I’ve stopped getting excited the moment a project starts talking big about “fixing identity” in crypto. That script is old now. I’ve read it too many times. At this point, when something sounds too complete, I actually trust it less.

Sign didn’t hit me like that.

It’s… quieter. And honestly a bit harder to immediately “get,” which I weirdly prefer. Because most things that matter are like that in the beginning.

What pulled me in wasn’t some grand promise. It was the direction. The fact that it’s focusing on attestations — yeah, not the most exciting word — but the problem behind it is very real. Everywhere you look, systems don’t trust each other properly. One app verifies you, another one doesn’t care, a third asks again. Same user, same data, different outcomes. It’s messy.

And that mess doesn’t break things instantly. It just slows everything down over time. Small friction. Everywhere.

I think that’s what Sign is trying to clean up.

Not in a flashy “we solved it” way. More like… trying to organize a part of the system that’s been ignored because it’s not fun to talk about. Which probably explains why it doesn’t scream for attention like other projects do.

And maybe I’m wrong here, but when something isn’t constantly performing for the timeline, I tend to look at it a bit more seriously.

Doesn’t mean I trust it. Not even close.

I’ve seen “serious” projects collapse in slow motion too.
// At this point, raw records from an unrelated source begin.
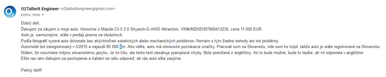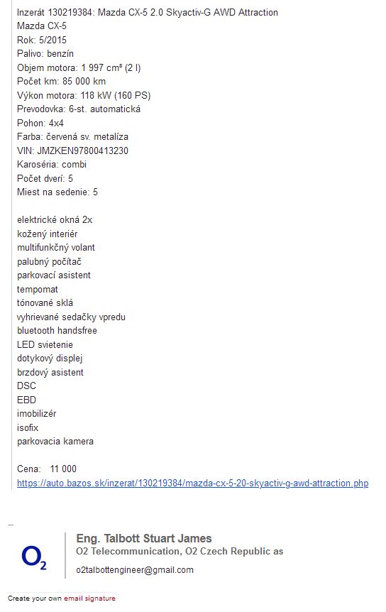 | TLC | Slovensko | 604614452 | o2talbottengineer@gmail.com | Mazda | CX 5 | TT099FZ | 11000 | Správa od predajcu Inzerát Fotografie |
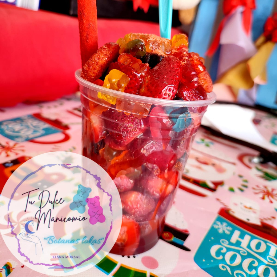UNA DELICIOSA COMBINACION, FRESAS CON CHAMOY DE PELON PELORICO, CON GOMITAS Y MIGUELITO
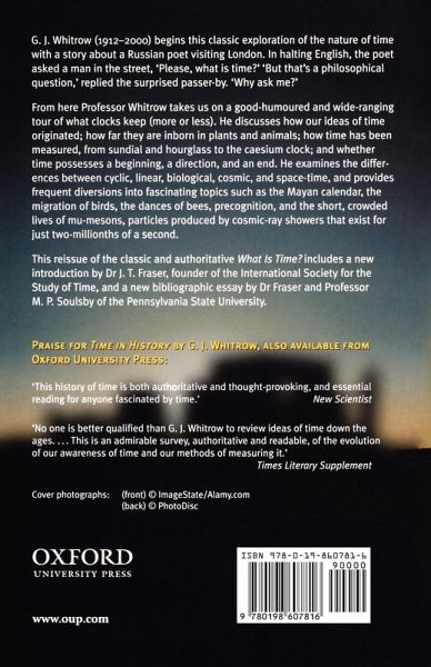 G. J. Whitrow (1912-2000) begins this classic exploration of the nature of time with a story about a Russian poet, visiting London before the First World War. The poet's English was not too good and when he asked a man in the street, 'Please, what is time?' he received the response, 'But that's a philosophical question. Why ask me?'.
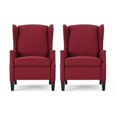 Elevate your living room look and comfort with this set of two classy recliners. These armchairs feature a traditional wingback design with a nailhead trim, and they’re available in a variety of colors. The pushback tilt mechanism lets you easily recline and put your feet up on the footrest.
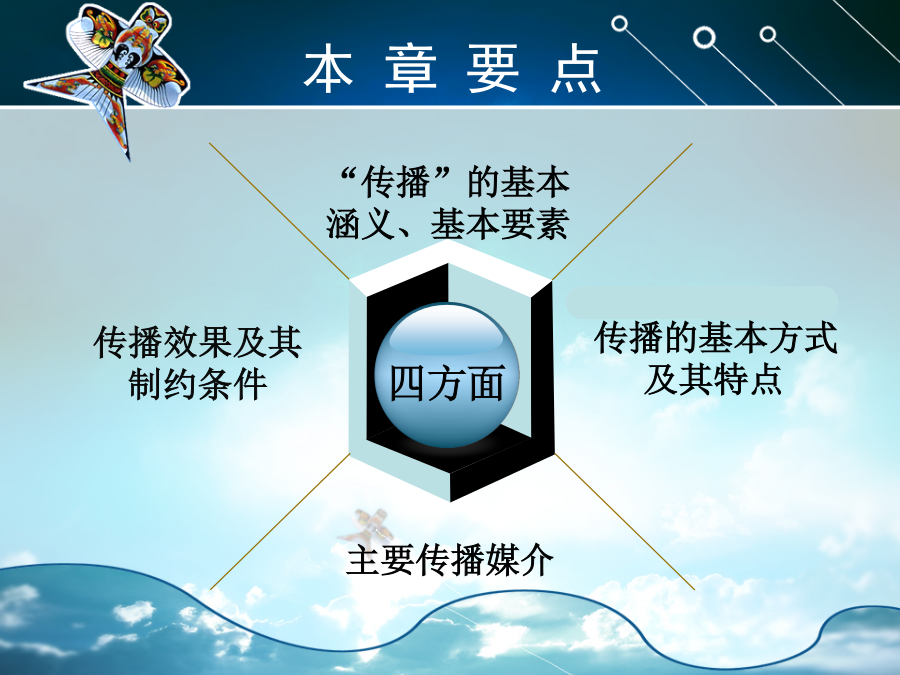 一、传播及其基本要素一、传播及其基本要素一、传播及其基本要素一、传播及其基本要素一、传播及其基本要素人们日常行为的80%以上都与传播有关,传播是人类的一种基本社会行为。公共关系作为一种传播行为,涉及各种不同的传播方式。了解各种基本的传播方式及其特点,有助于我们完整地理解公共关系的传播活动。(一)个体自身的传播又称“个人的自我交流”,即传递信息的主体和接收信息的客体是同一个体;或者说,信息交流的“双方”不是两个人而是同一个人。(二)人际传播沟通“人际传播”指个人与个人之间的信息沟通交往,又称“个人之间的沟通
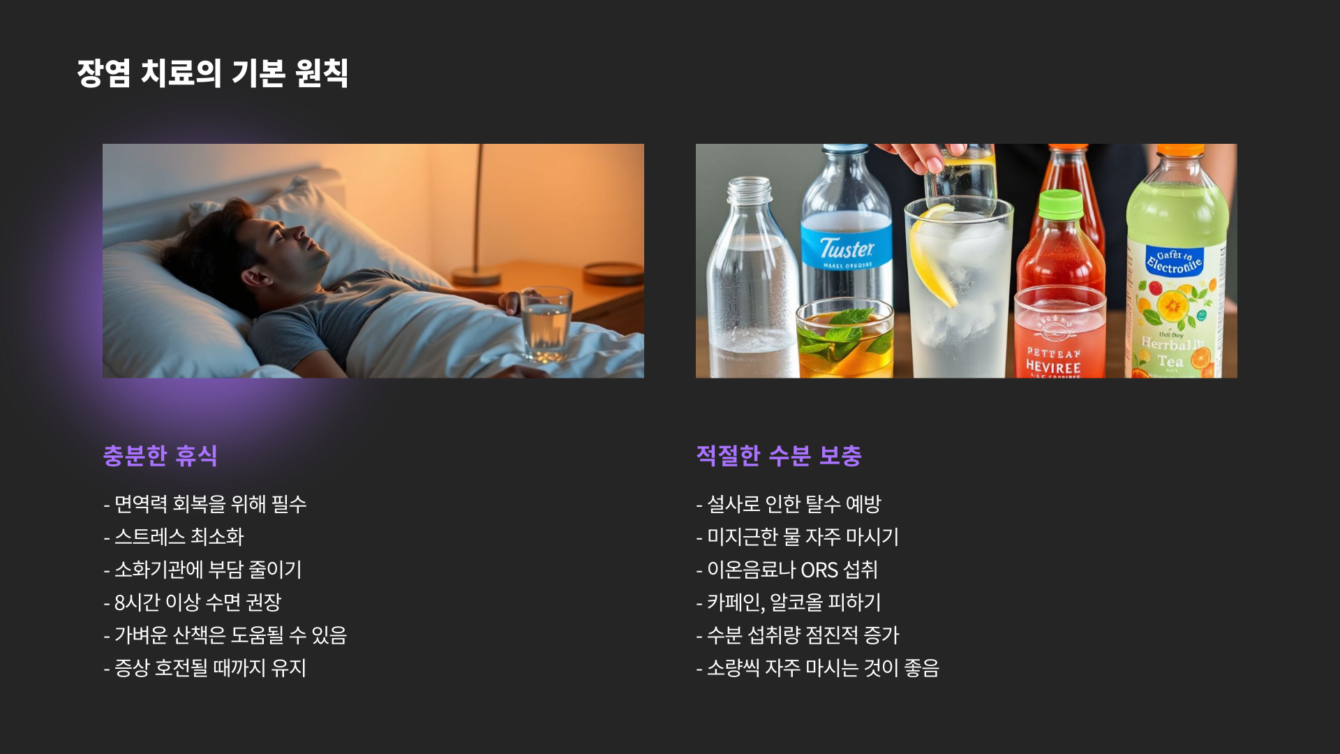 장염을 빨리 낫게 하기 위해서는 먼저 수분 보충이 중요합니다. 탈수를 예방하기 위해 충분한 물을 마시고, 필요한 경우 이온음료를 섭취하는 것이 좋습니다. 이온음료는 전해질을 보충해주어 장염으로 인한 피로감 회복에 도움이 됩니다.
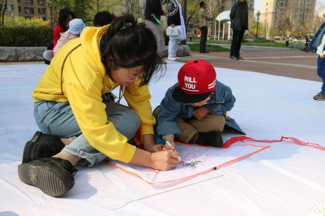 親子游戲結束后,最受孩子和家長們歡迎的制作飛箏活動開始了,孩子們拿到風箏后,迫不及待的準備動手繪畫啦!一眨眼的功夫,一幅幅美輪美奐的風箏呈現在我們的面前,栩栩如生的畫面,讓我們不敢相信這竟是經過孩子們的手從空白演變而成的,孩子們的想象力與創造力真是無窮無盡!
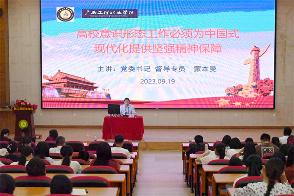 9月19日下午,在图文信息大楼一楼学术报告厅,学校召开中国式现代化暨高校意识形态工作专题报告会,由学校党委书记、督导专员蒙本曼博士作《高校意识形态工作必须为中国式现代化提供坚强精神保障》专题报告。学校副校长蒋茂丽,学校党组织书记、副书记,各部门负责人、行政人员,各专任教师和辅导员等400多人参加会议。会议由党委办副主任黄香琴主持。
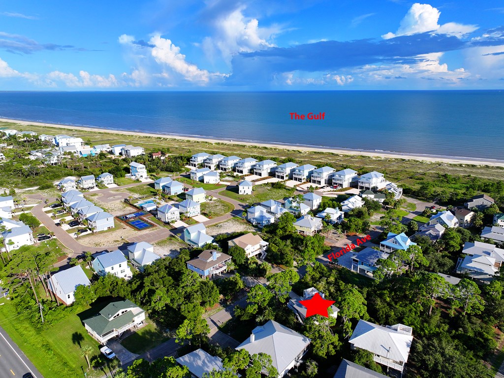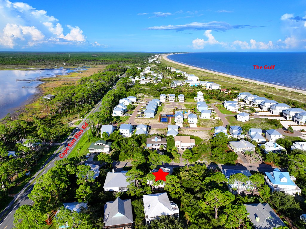 From Hwy 98, turn onto SR 30-A, turn right onto Cape San Blas Rd., take left onto Florida Ave., home is on right. No sign per HOA
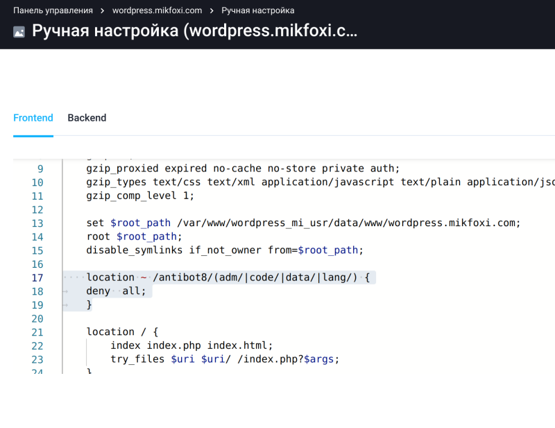 В панели управления ISPmanager если сайт работает как Nginx + PHP-fpm, это редактируется в конфиге домена в Nginx в разделе: Сайты - Отметить нужный сайт - Файлы конфигурации. И там в двух местах вставить этот код. Почему в двух местах? - Потому что там две секции server {} для http и https. И потом перезагрузить Nginx в разделе: Мониторинг и журналы - Службы.
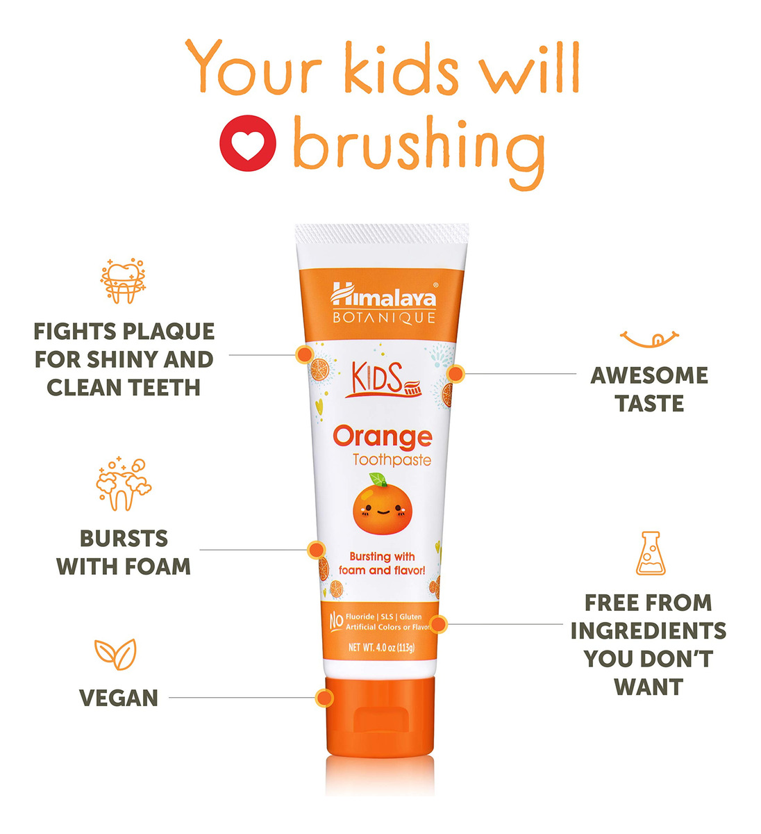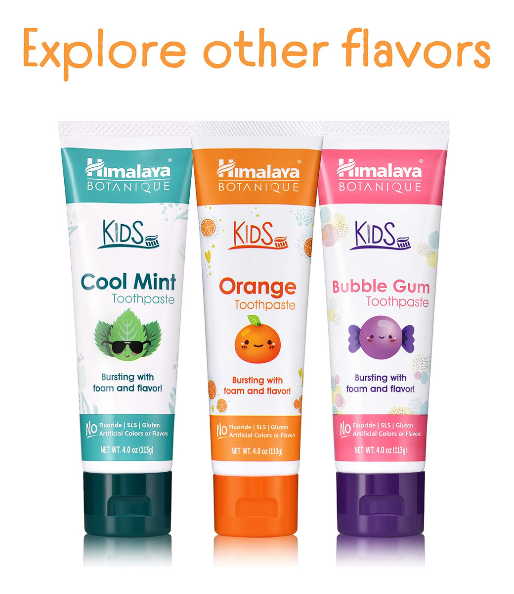 É uma pasta de dente que seus pequenos vão adorar. O creme dental Himalaya Kids é formulado com ingredientes herbais e botânicos suaves para limpar dentes e gengivas sem um sabor muito forte ou sensação de formigamento, o que pode ser desanimador para algumas crianças. Este creme dental simples e saboroso é formulado com ingredientes botânicos como Neem, óleo de coco, romã e estévia para deixar esses pequenos dentes limpos e ajudar a criar bons hábitos de escovação. Formulado sem SLS, flúor, glúten, triclosan e cores e sabores artificiais para uma experiência de escovação com a qual pais e filhos se sentirão bem. Em 1930, nosso fundador ficou fascinado com a sabedoria curativa das ervas e partiu em uma missão para levar a ciência ayurvédica tradicional ao mundo de forma contemporânea. A missão do Himalaia é criar felicidade em cada lar e bem-estar em cada coração, fornecendo conhecimento, conselhos e produtos que exemplifiquem o melhor da ciência indiana tradicional do Ayurveda, que remonta a mais de 3.000 anos. Os produtos da Himalaya são feitos com a máxima qualidade para atender aos seus altos padrões. De suplementos de ervas a cremes dentais botânicos e cuidados com o corpo e a pele, você encontrará produtos que melhoram sua vida diária e fazem você se sentir melhor. – Creme dental para crianças: creme dental sem flúor formulado para crianças com ingredientes fitoterápicos suaves. Limpa os dentes sem irritar e ajuda as crianças a desenvolverem bons hábitos de escovação. – Fórmula botânica: ingredientes fitoterápicos e botânicos, incluindo Neem, uma planta tropical nativa da Ásia usada há muito tempo por seus poderes de limpeza, além de romã para remover suavemente a placa bacteriana para dentes e gengivas com aparência saudável. Também formulado com óleo de coco e estévia. – Sabor fresco: as crianças vão adorar o sabor sutil de menta sem a sensação ou queimadura forte ou forte demais. Escolha entre os sabores Cool Mint, Bubble Gum e Orange para crianças para tornar a escovação divertida. – Fácil de usar: escove bem após as refeições ou pelo menos duas vezes por dia sob supervisão dos pais para obter um sorriso mais brilhante e tão bom quanto parece. – Feito com bondade: a fórmula vegana e livre de crueldade a torna uma adição saudável à sua rotina de higiene bucal. Sem flúor, glúten, triclosan, parabenos, SLS, carragenina ou cores ou sabores artificiais. De uma empresa familiar, confiável desde 1930.
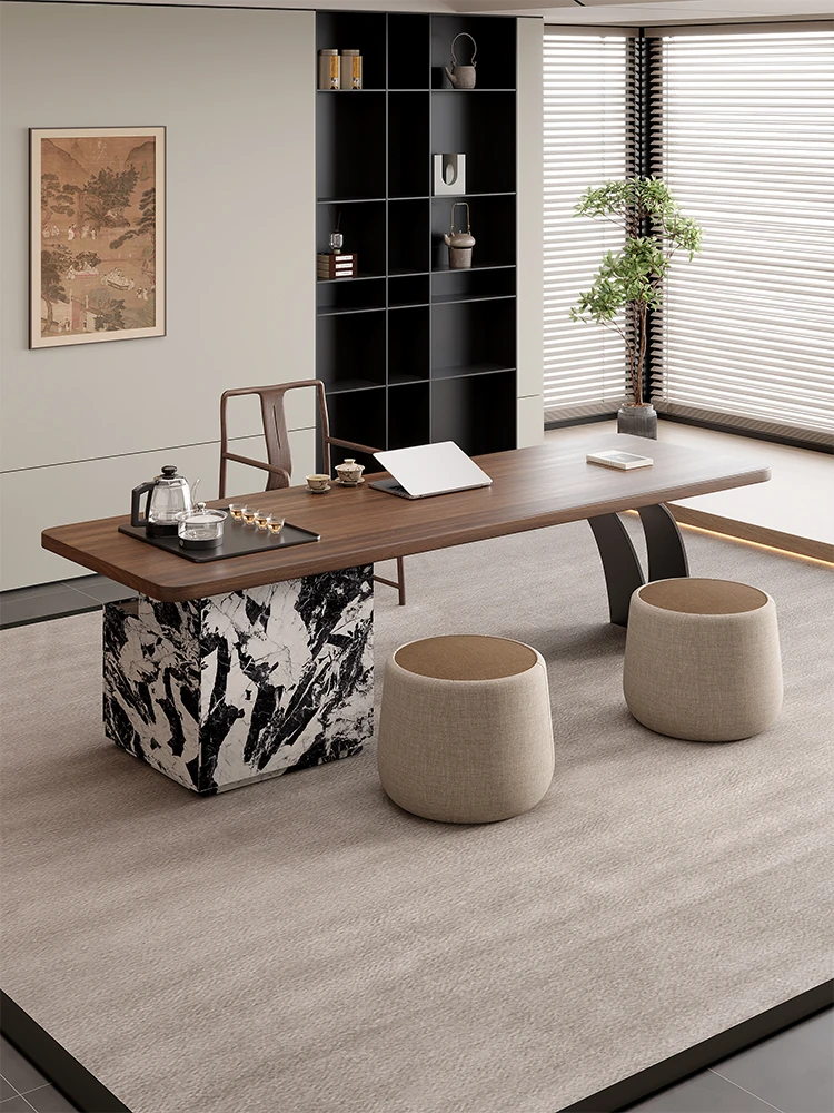 Elegant Multifunctional Black Walnut Tea Table and Office Desk - Modern Luxury Design for 2025, Perfect for Stylish Workspaces and Relaxation
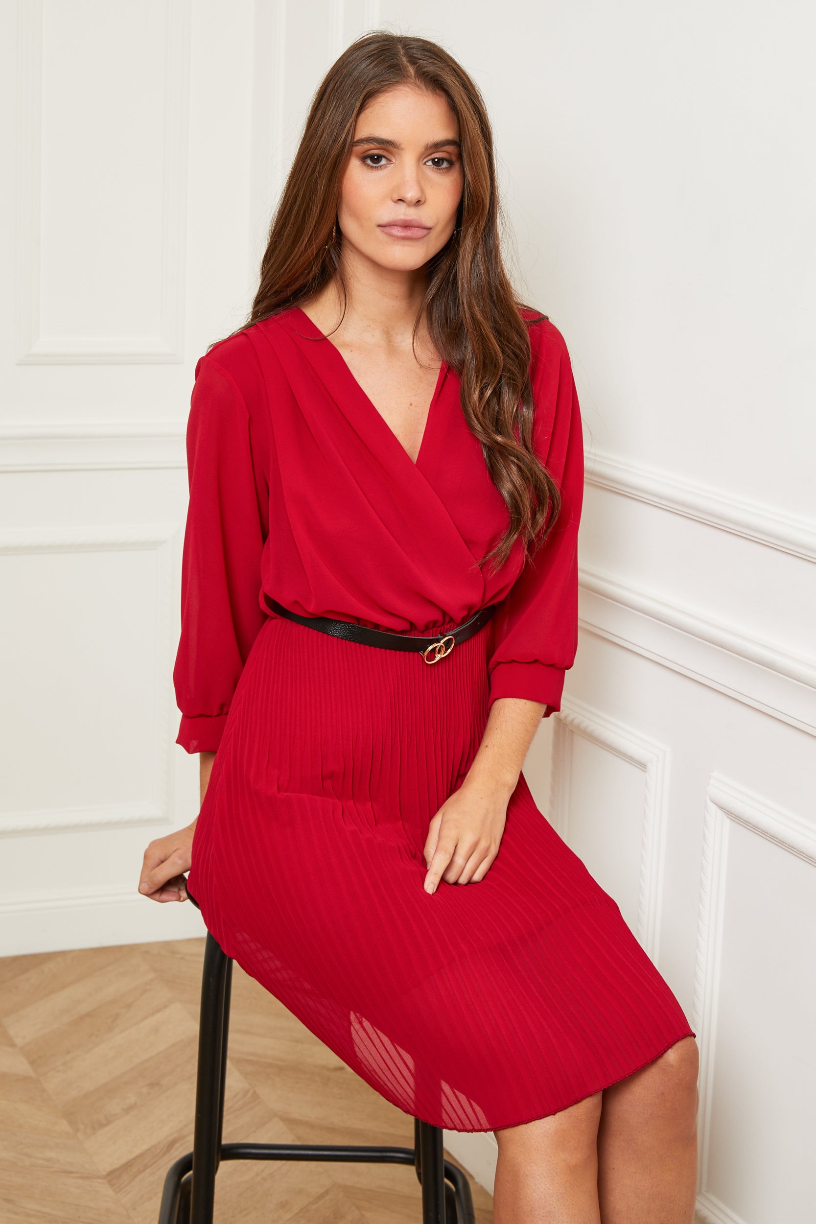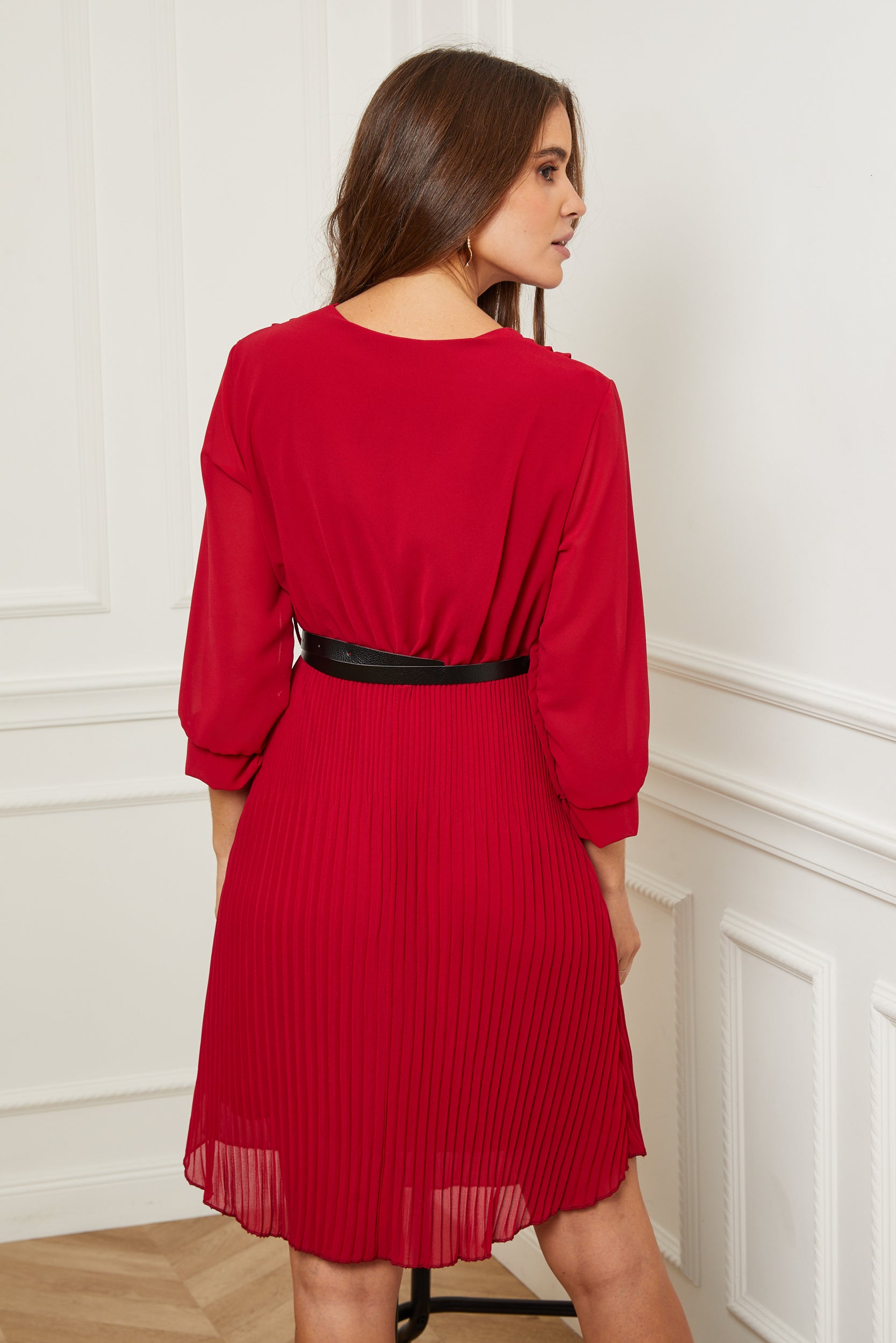Robe unicolore, ceinture incluse, manches mi-longue, col V
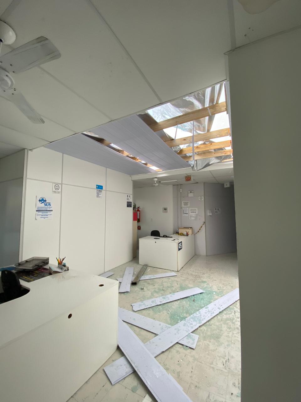 Na Saúde a Policlínica Municipal, no Centro, foi muito atingida pelos ventos e não terá atendimento ao público nesta quarta-feira (1º de julho). Setores administrativos como de Controle e Avaliação também foram atingidos.
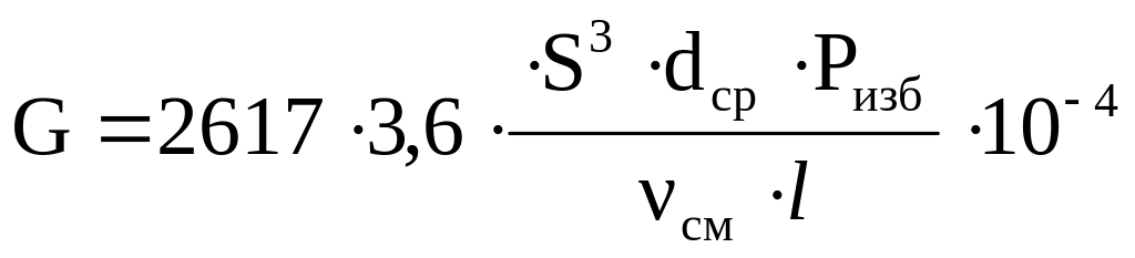 где F – площадь щелевого зазора, м2; Ризб – разность давлений в аппарате и окружающей среде, Па; νсм – кинематическая вязкость газовой смеси в аппарате (трубопроводе), м2/с; l – средняя длина щелевого зазора, м; g – ускорение свободного падения, м/с2.

The real pressure comes later — when this stuff has to actually work across different systems, with real users, real edge cases, real constraints. That’s where most ideas start to fall apart a little.

Still… Sign feels like it’s aimed at something real.

Not a narrative. Not a temporary trend. An actual weak spot — this whole fragmented trust thing that keeps forcing systems to re-check, re-store, re-verify the same information again and again.

It sounds boring when you say it like that. And yeah, it kind of is.

But boring problems are usually the ones that stick around the longest.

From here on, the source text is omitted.